About the Opportunity

The Research Network & Project Coordinator supports clinical research operations across the WVU Cancer Institute regional sites. This position coordinates multi-site clinical research activities, ensures protocol and regulatory compliance, manages project workflows, and facilitates communication among investigators, research staff, and external partners. The role includes project management, site coordination, data oversight, training, and process improvement responsibilities.

What You'll Do

  • Network & Site Coordination: Support site start-up activities, including feasibility assessments, regulatory document collection, and staff registration with sponsors. Maintain communication channels and contact lists for all network affiliates. Provide training and ongoing support to site personnel; assist in developing training tools and job aids. Coordinate network meetings, teleconferences, agendas, and minutes. Track site performance, protocol status, and accrual metrics. Assist with contracting processes, including site agreements, work orders, and regulatory submissions. Collaborate with website and communications teams to maintain timely updates.
  • Project & Protocol Management: Ensure adherence to study protocols, IRB requirements, and federal/state regulations. Oversee data collection, data quality review, and reporting for the regional locations. Maintain regulatory documentation, deviation/violation tracking, and staff credentialing and training. Communicate with sponsors, NCTN groups, and investigators throughout the project lifecycle.
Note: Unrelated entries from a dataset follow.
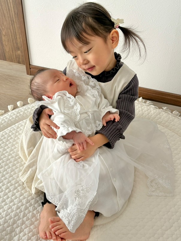 「とても仲良し姉妹です。なのはは妹がお腹にいるときから生まれてくるのを心待ちにしていて、生まれてからはとても大事にしてくれて、ミルクやお風呂、おむつ替えや着替えなど、なんでも『なのがする!』と言ってくれます。
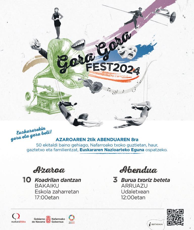 Nazioarteko Eguna da, eta Euskarabideak Euskararen Nafar Institutuak Gora Gora Fest! 2024 euskarazko kultur zikloaren laugarren edizioa antolatu du. Azaroaren 2tik abenduaren 8ra, Nafarroako 55 herritan izanen dira jarduerak, tartean Bakaikun, azaroaren 10ean, eta Arruazun, abenduaren 3an. Programan bederatzi jarduera daude: an -
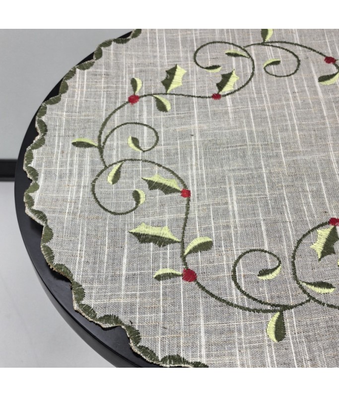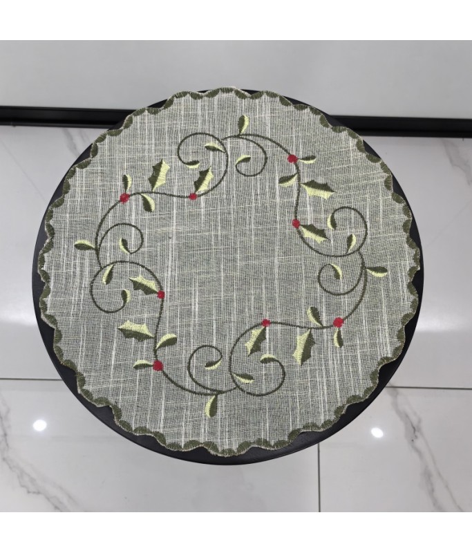 Round Linen Tablecloth, Leaf Pattern Embroidered Table Cover
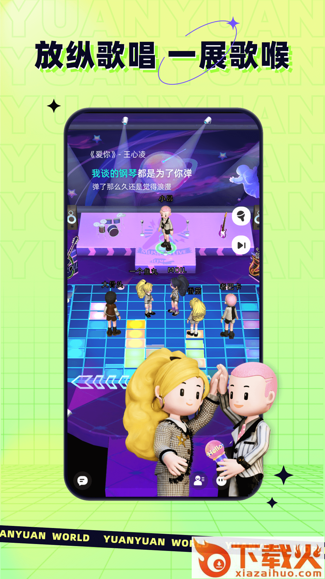 【尽情嗨歌】原原世界中设置了供用户K歌的轰趴馆,在这里有海量歌曲资源,用户可以和小伙伴们尽情歌唱,一展歌喉。
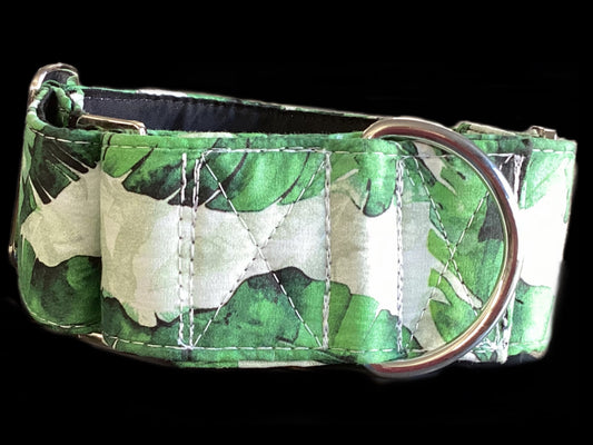 Wide Martingale collar summer fresh ‘banana leaves’ cotton 50mm width
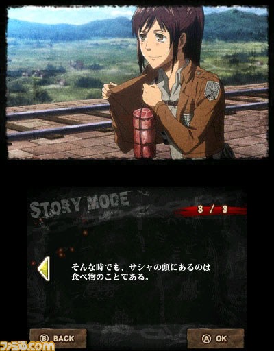 Spike Chunsoft’s Attack on Titan game has Eren, Mikasa, and Armin built into the Nintendo 3DS game. Levi’s chapter is available as free downloadable content until January 31, 2014.
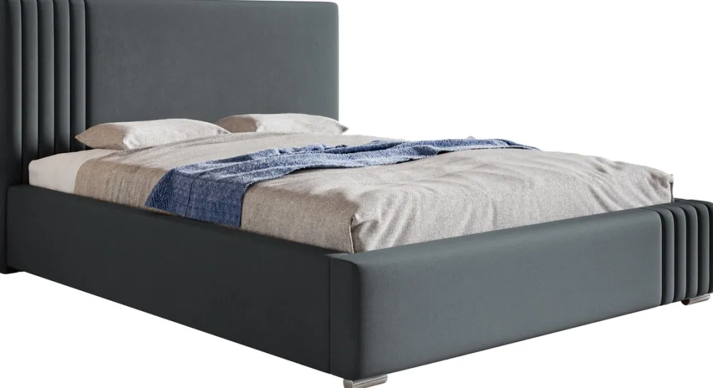 - Zagłówek razem z czołem łóżka posiadają ozdobne przeszycia, nadające łóżku nowoczesny styl.
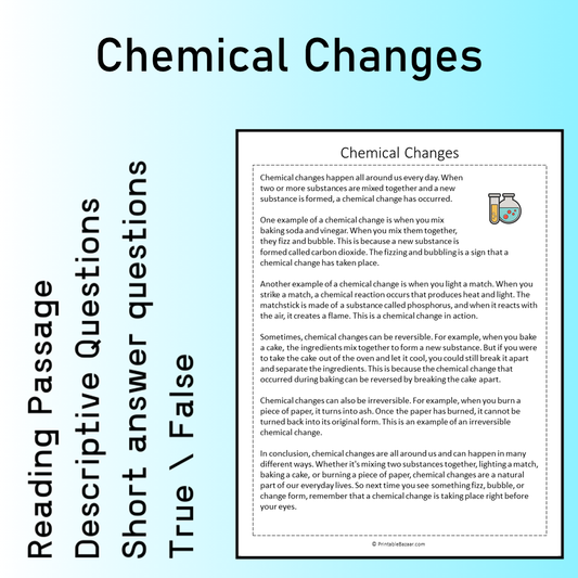 Chemical Changes | Reading Comprehension Passage Printable Worksheet
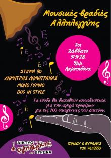 Με αποκλειστικό στόχο την αγορά τροφίμων για τις 700 οικογένειές του, το Δίκτυο Αλληλεγγύης Βύρωνα, διοργανώνει το Σάββατο 5 Μαΐου 2018, 2η Μουσική Βραδιά, στις 9μμ στη Λαμπηδόνα, στο Άλσος της Αγίας Τριάδας.
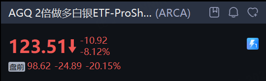 现货黄金、白银日内大跌,概念股走低。2倍做多白银ETF-ProShares 暴跌20%,赫克拉矿业 、美洲白银公司 、金田跌超10%,哈莫尼黄金跌超9%,泛美白银、纽曼矿业、科尔黛伦矿业跌超8%。
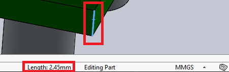 - Klicka på plattans kantlinje och läs av tjockleken på kretskortet (nere till höger i SOLIDWORKS-fönstret).
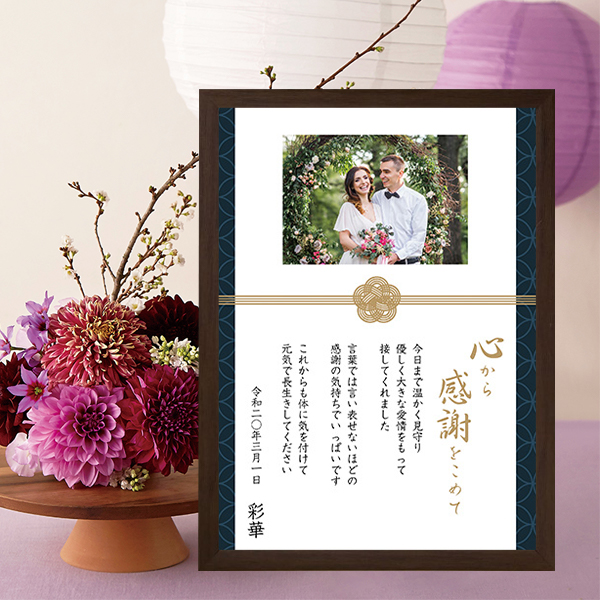 両親への感謝の言葉をつづるレターセット。写真を入れることができて、手紙も記念品として贈ることができます!
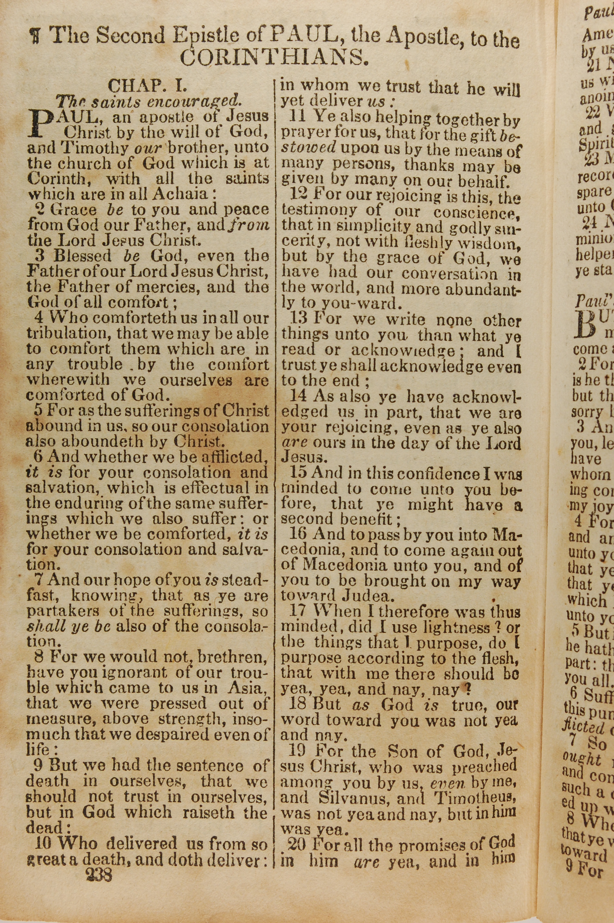 1843年The New Testament 哥林多后书 1 章 1 节到 1 章 20 节
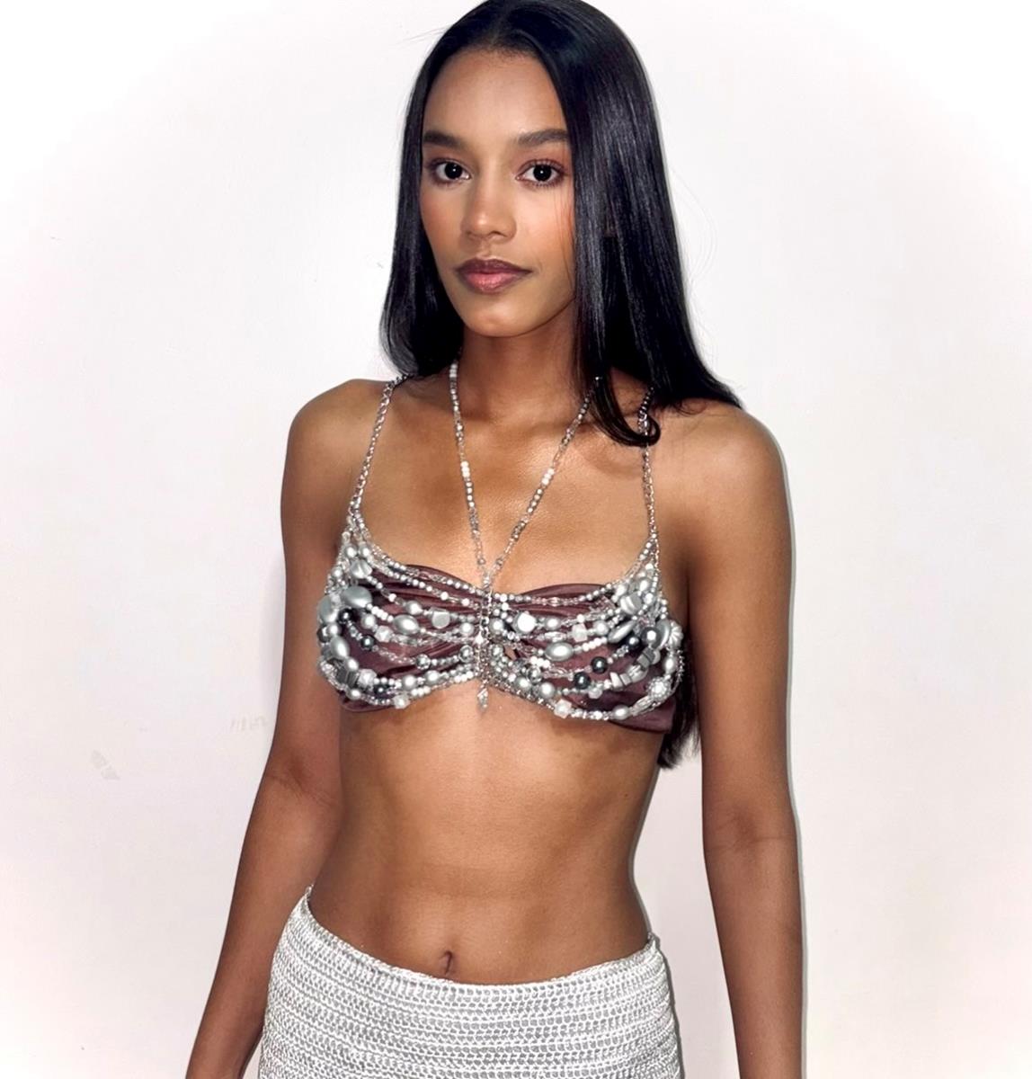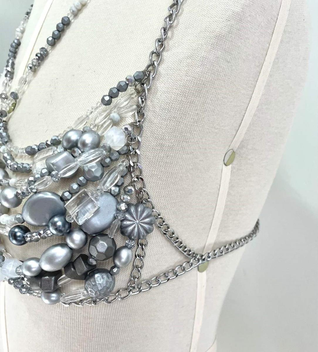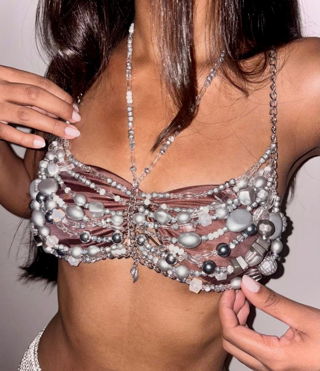 Top Star é uma estrela, movimento e brilho. Confeccionado manualmente com pedrarias selecionadas uma a uma, criando uma rica diversidade de texturas e reflexos.
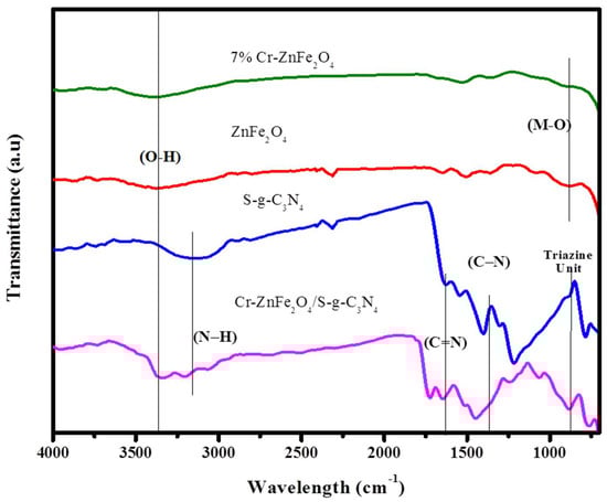 FTIR Spectrum of composites of ZnFe2O4, S-g-C3N4, 7% Cr-ZnFe2O4, 7% Cr-ZnFe2O4/S-g-C3N4.
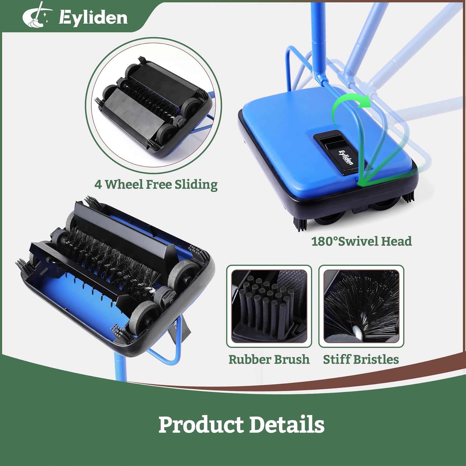 • 【Energy-Saving & Eco-Friendly】NO BATTERIES. Perfect for quick, Eyliden carpet sweeper does not require any electricity or batteries. Easily push back and forth for effective pick up.
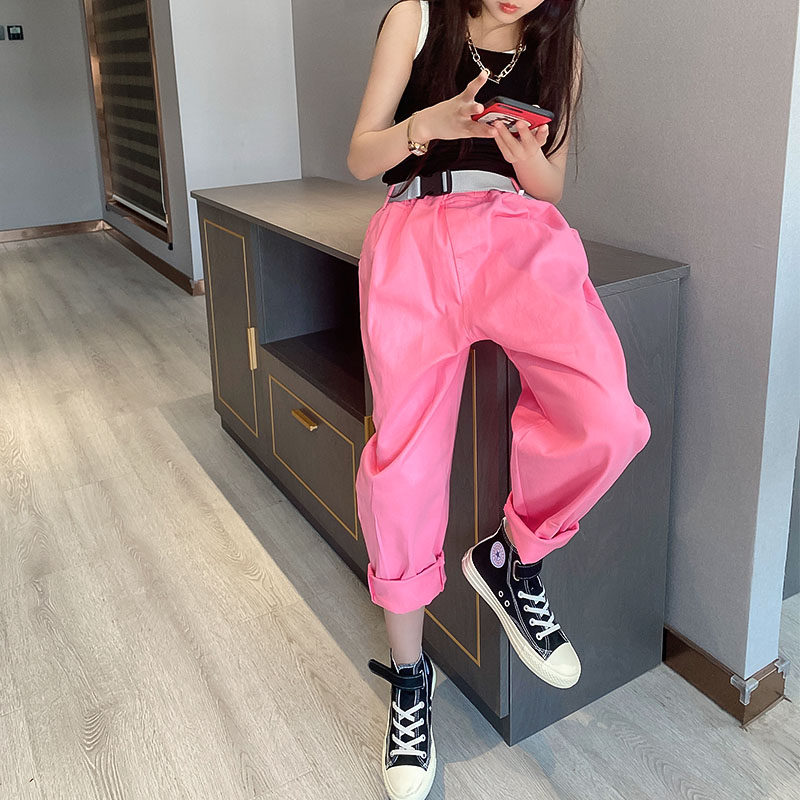 Girl's Rounder Pants 2021 Spring Autumn New Korean Version Loose Girl Foreign Pie Trousers Tide Children Casual Pants Trendy
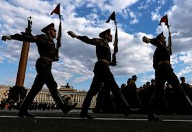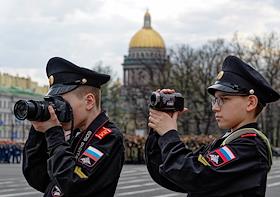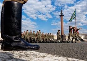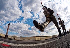 Репетиция военного парада на Дворцовой площади, посвященного 78-ой годовщине Победы в Великой Отечественной войне.
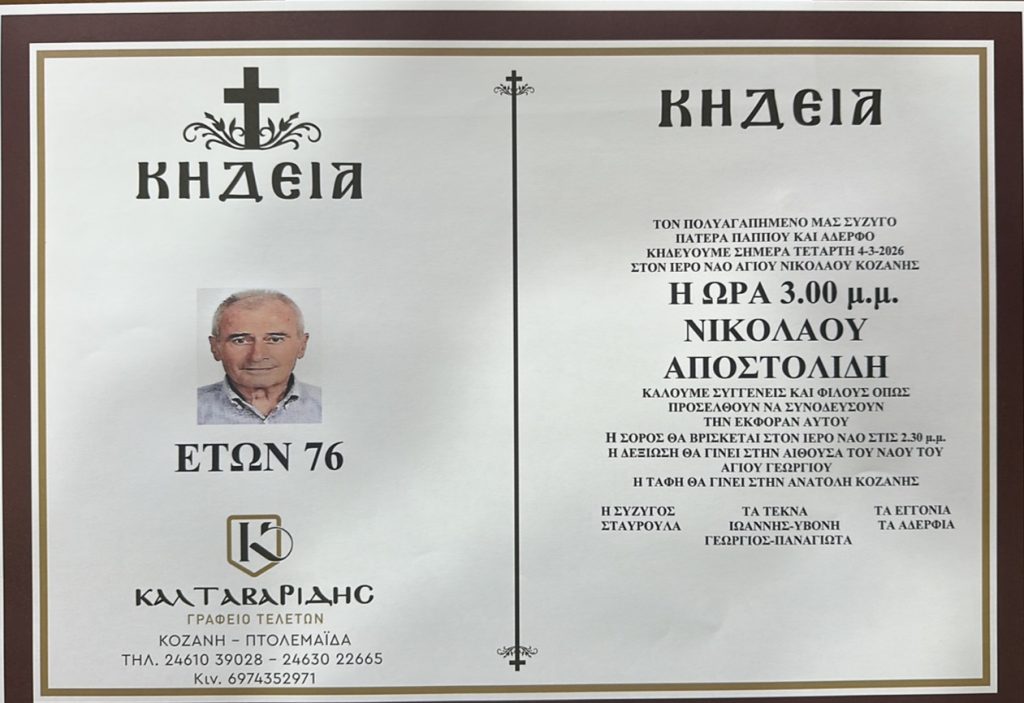 Έφυγε από την ζωή, σε ηλικία 76 ετών, ο Ν. Αποστολίδης. Η κηδεία του θα γίνει σήμερα Τετάρτη 4/3 στις 3 το μεσημέρι στον Ι.Ν. Αγ. Νικολάου Κοζάνης.
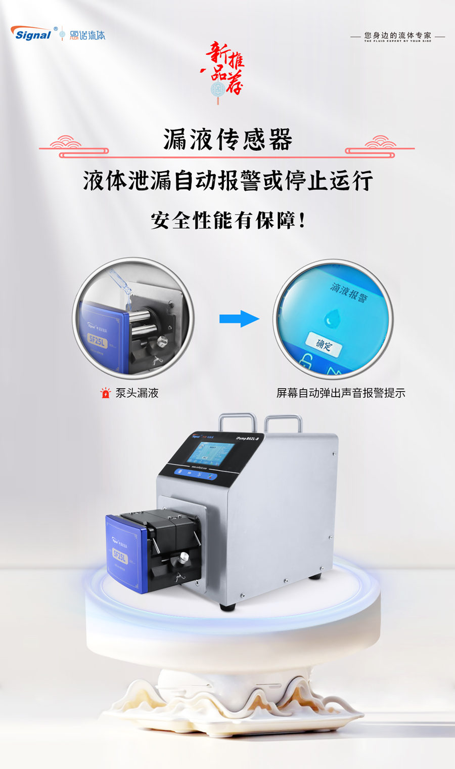 這款新品蠕動泵還配備了可選裝的漏液傳感器。這一傳感器能夠實時監測泵頭內部的液體泄漏情況,一旦檢測到泄漏,將立即觸發報警或自動停止泵的運行。
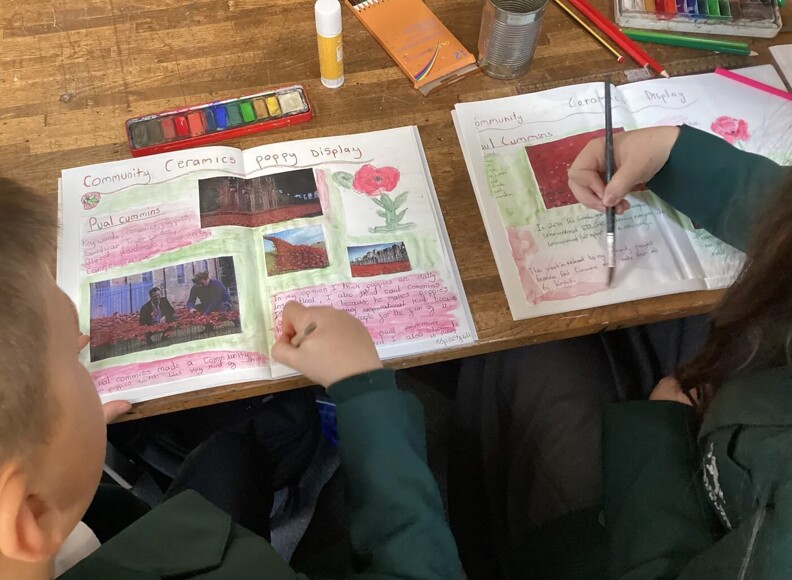 Secondary students at Valley Park School studied Paul Cummins and his ceramic poppies display at the Tower of London, and made their own clay poppies.
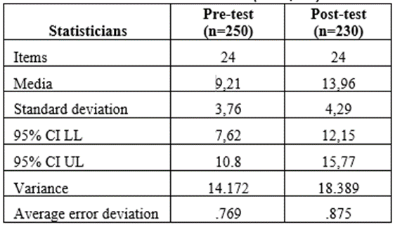 Tables 2, 3 and 4 illustrate the results of the evaluation before and after. There is a significant increase over to the average number of items / questions answered / answered correctly between “before” (M = 9.21, SD = 3.76) and two months “after” the educational intervention (M = 13.96, SD = 4.29), t (23) = 11.73, p less than 0.000. The power reached (1- β) was 98%.
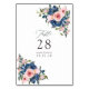 Tarjetas de número de mesa de boda florales de color rosa y azul marino personalizables según los detalles de su evento.
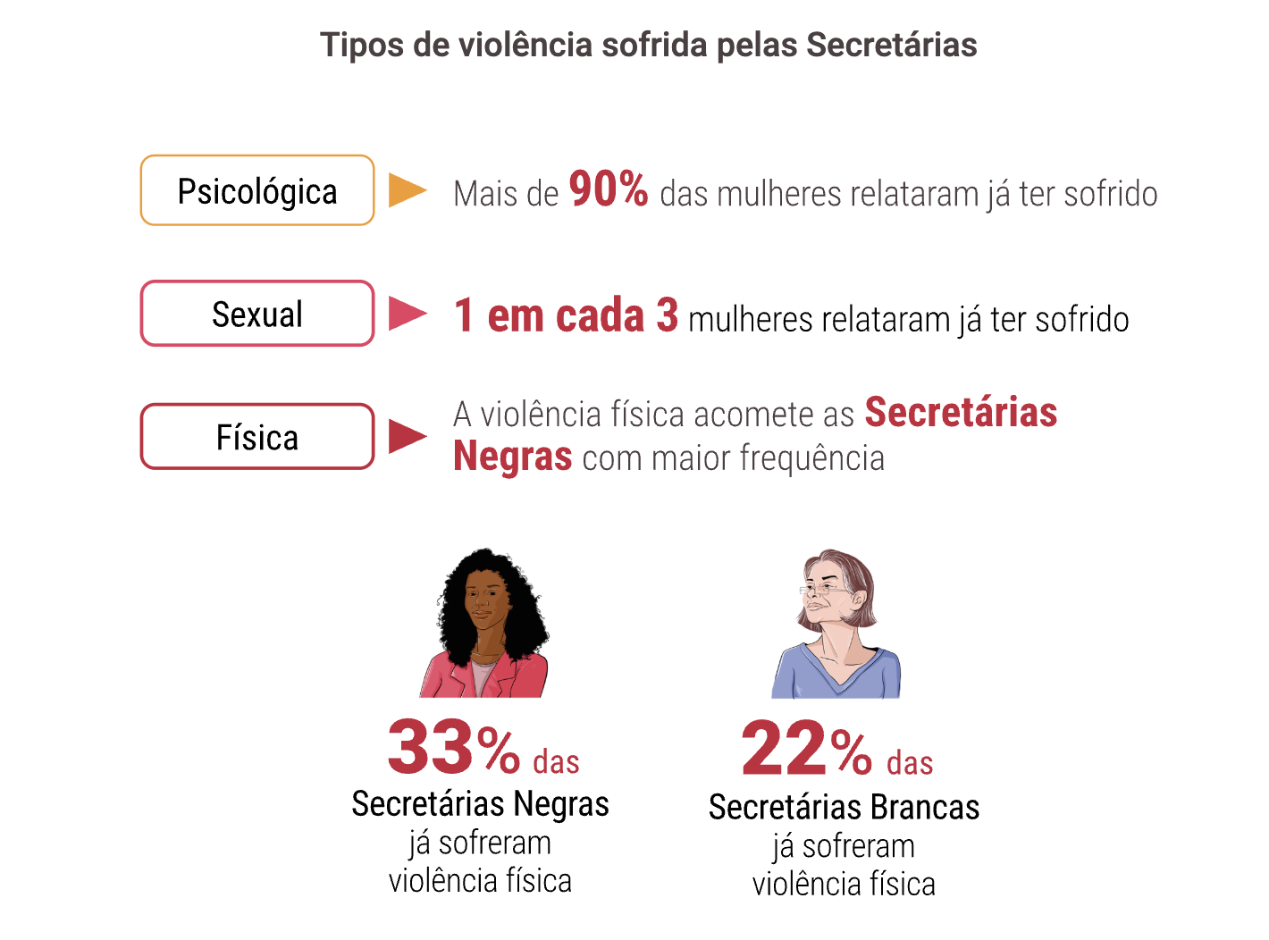 Os dados destacam ainda que uma em cada quatro Secretárias relataram episódios de violência física, muitas vezes em forma de toques sem consentimento durante reuniões ou debates. As Secretárias negras enfrentam índices ainda mais altos: 33% afirmaram já ter sofrido violência física, enquanto entre as brancas o percentual foi de 22%.

Assist with eligibility review, enrollment processes, and participant follow-up as needed. Conduct remote or on-site study start up meetings, monitoring visits and prepare follow-up documentation. Work with Informatics teams to implement workflows and data systems. Prepare project status reports for leadership and stakeholders.
  • Infrastructure, Education & Process Improvement: Develop tools, workflows, and tracking systems to support project and network operations. Assist in creating educational materials and resources to support clinical trial awareness. Contribute to SOP development and process improvement initiatives. Coordinate research team meetings and administrative tasks.
  • Supervisory Responsibilities: No direct supervision required. Expected to provide training, guidance, and support to research staff. May serve as project or program lead as assigned.

Qualifications

  • Bachelor's degree in a scientific, healthcare, or related field.
  • A minimum of two (2) years of experience in the following: Clinical research or project management experience.
  • Any equivalent combination of related education and/or experience will be considered.
  • All qualifications must be met by the time of employment.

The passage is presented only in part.